Goal of the exercise: Apart from the images, output the data below exactly.
[Information provided Boundary: Start]
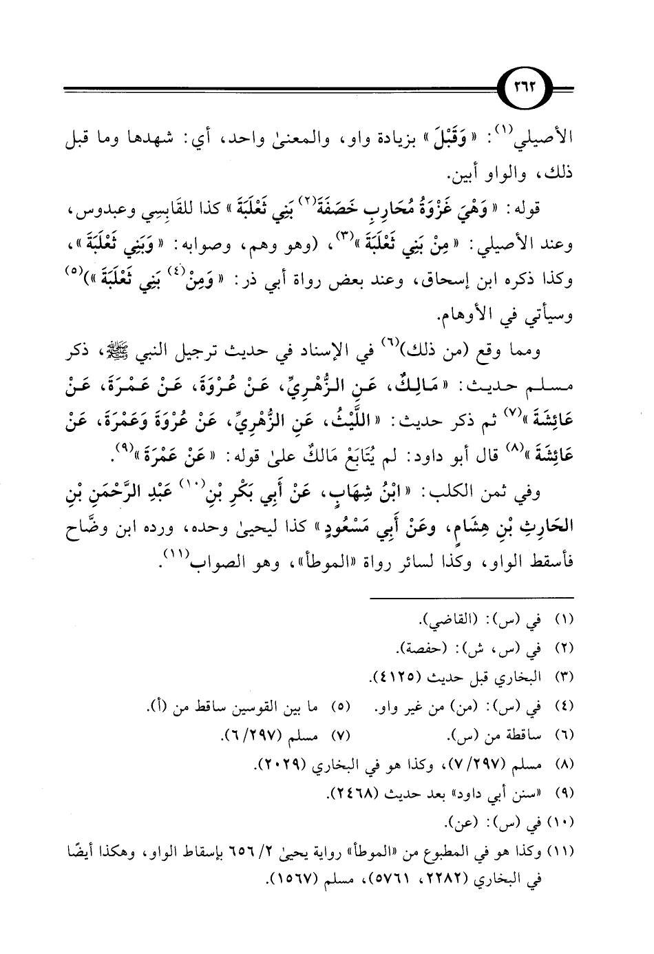 ومما وقع (من ذلك) (¬6) في الإسناد في حديث ترجيل النبي - صلى الله عليه وسلم -، ذكر مسلم حديث: "مَالِكٌ، عَنِ الزُّهْرِيِّ، عَنْ عُرْوَةَ، عَنْ عَمْرَةَ، عَنْ عَائِشَةَ" (¬7) ثم ذكر حديث: "اللَّيْثُ، عَنِ الزُّهْرِيِّ، عَنْ عُرْوَةَ وَعَمْرَةَ، عَنْ عَائِشَةَ" (¬8) قال أبو داود: لم يُتَابَعْ مَالكٌ على قوله: "عنْ عَمْرَةَ" (¬9).
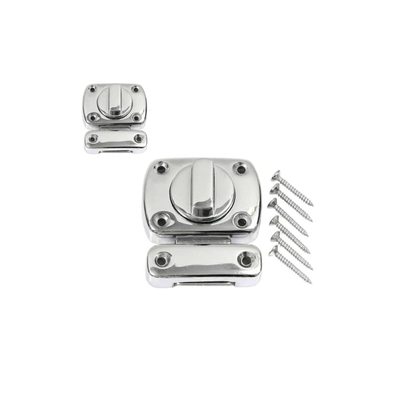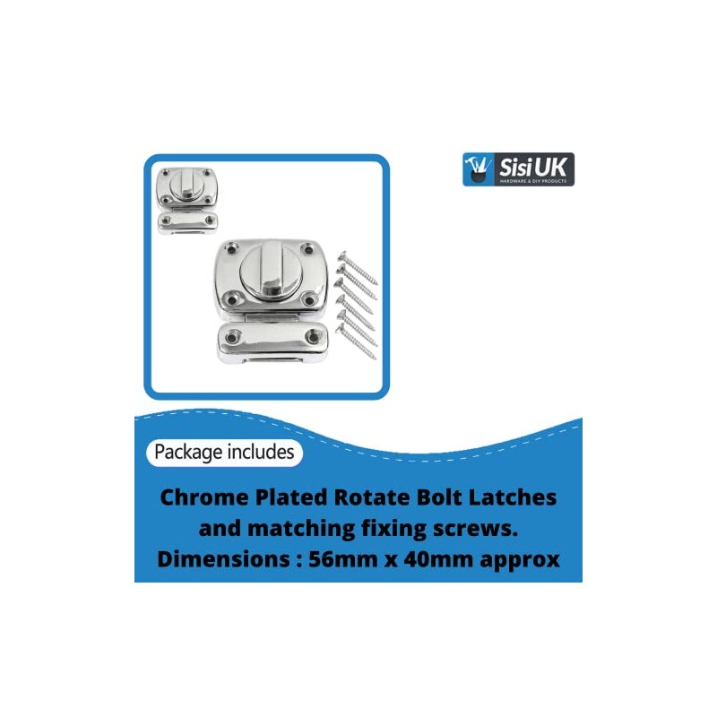 • Package Contains: 1 Piece of Chrome Plated Rotate Bolt Latches and matching fixing screws. Dimensions : 56mm x 40mm approx, Receiver Dimensions : 53mm x 16.5mm approx Weight:120gram.
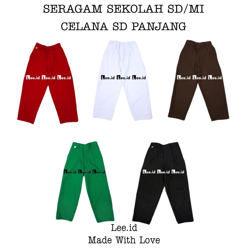 Celana Panjang Sekolah SD Laki Laki Seragam Sekolah SD MI Celana Panjang Merah Coklat Putih Hitam Hijau Kelas 1 - 6 SD
[Information provided Boundary: End]
Solution to this task:
 ومما وقع (من ذلك) (¬6) في الإسناد في حديث ترجيل النبي - صلى الله عليه وسلم -، ذكر مسلم حديث: "مَالِكٌ، عَنِ الزُّهْرِيِّ، عَنْ عُرْوَةَ، عَنْ عَمْرَةَ، عَنْ عَائِشَةَ" (¬7) ثم ذكر حديث: "اللَّيْثُ، عَنِ الزُّهْرِيِّ، عَنْ عُرْوَةَ وَعَمْرَةَ، عَنْ عَائِشَةَ" (¬8) قال أبو داود: لم يُتَابَعْ مَالكٌ على قوله: "عنْ عَمْرَةَ" (¬9).
 • Package Contains: 1 Piece of Chrome Plated Rotate Bolt Latches and matching fixing screws. Dimensions : 56mm x 40mm approx, Receiver Dimensions : 53mm x 16.5mm approx Weight:120gram.
 Celana Panjang Sekolah SD Laki Laki Seragam Sekolah SD MI Celana Panjang Merah Coklat Putih Hitam Hijau Kelas 1 - 6 SD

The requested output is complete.